Please transcribe the data that follows without the pictures, keeping every word the same.

**COLLECTED DATA:**

=== Begin Enclosure ===

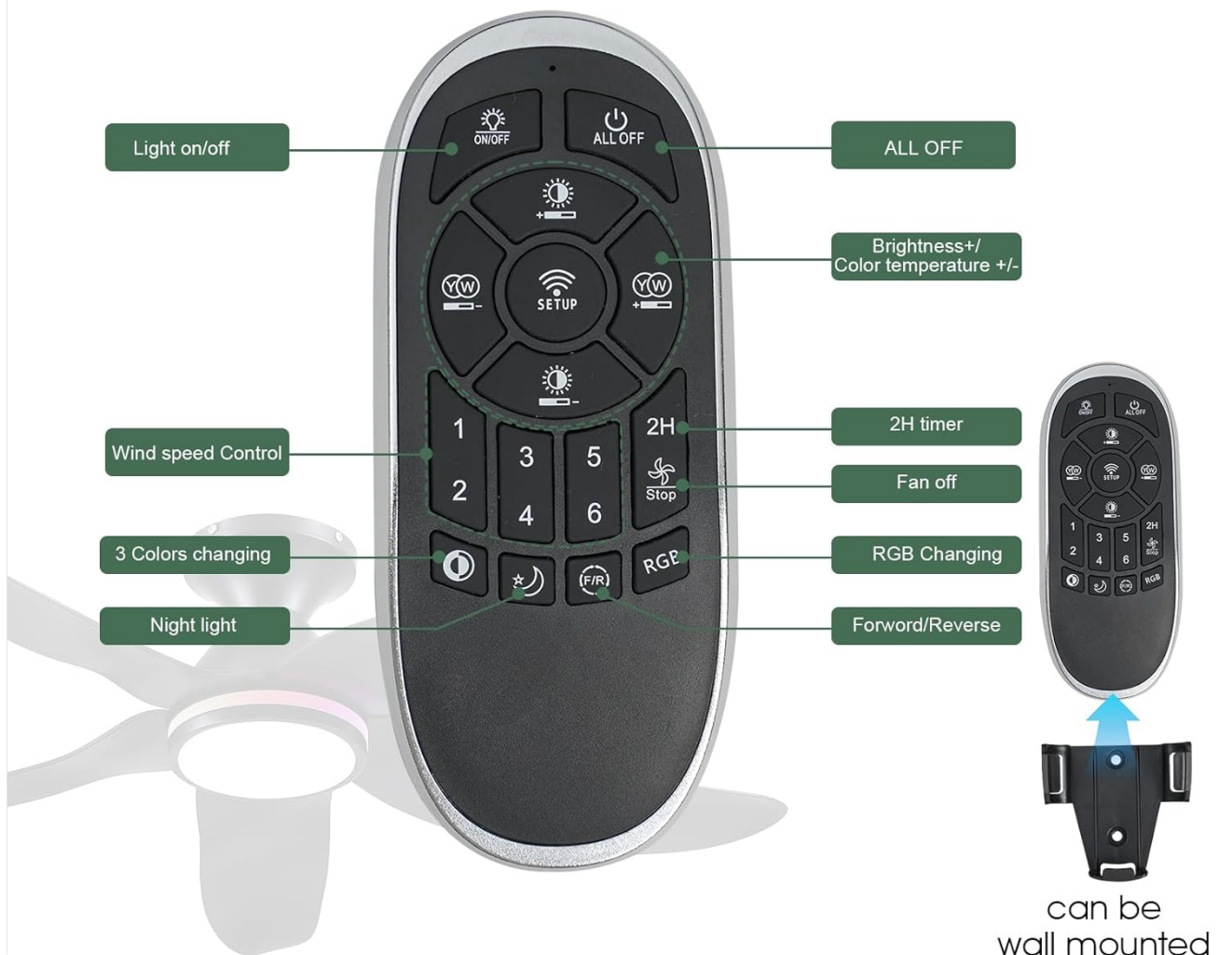
Figure 4: Remote Control Layout and Functions
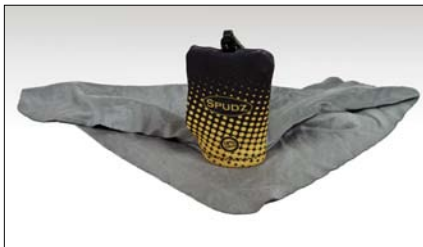
FIGURE 11.20 The Spudz microfiber cleaning cloth.

Some folks prefer to use canned, compressed air to blow away dust but they can sometimes release fluid when the can is tilted. For this reason, I always use my Rocket-Air Blower from Giottos (Figure 11.22). This funny-looking device is great for getting rid of tough dust, and it uses a clean air path so that the dust that you are blowing away doesn't get sucked into the ball and re-deposited back on your equipment the next time you use it.
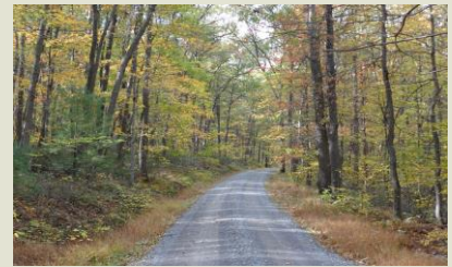
Colorful fall foliage peaks in October.

=== End Enclosure ===

**YOUR RESPONSE:**
Figure 4: Remote Control Layout and Functions
FIGURE 11.20 The Spudz microfiber cleaning cloth.

Some folks prefer to use canned, compressed air to blow away dust but they can sometimes release fluid when the can is tilted. For this reason, I always use my Rocket-Air Blower from Giottos (Figure 11.22). This funny-looking device is great for getting rid of tough dust, and it uses a clean air path so that the dust that you are blowing away doesn't get sucked into the ball and re-deposited back on your equipment the next time you use it.
Colorful fall foliage peaks in October.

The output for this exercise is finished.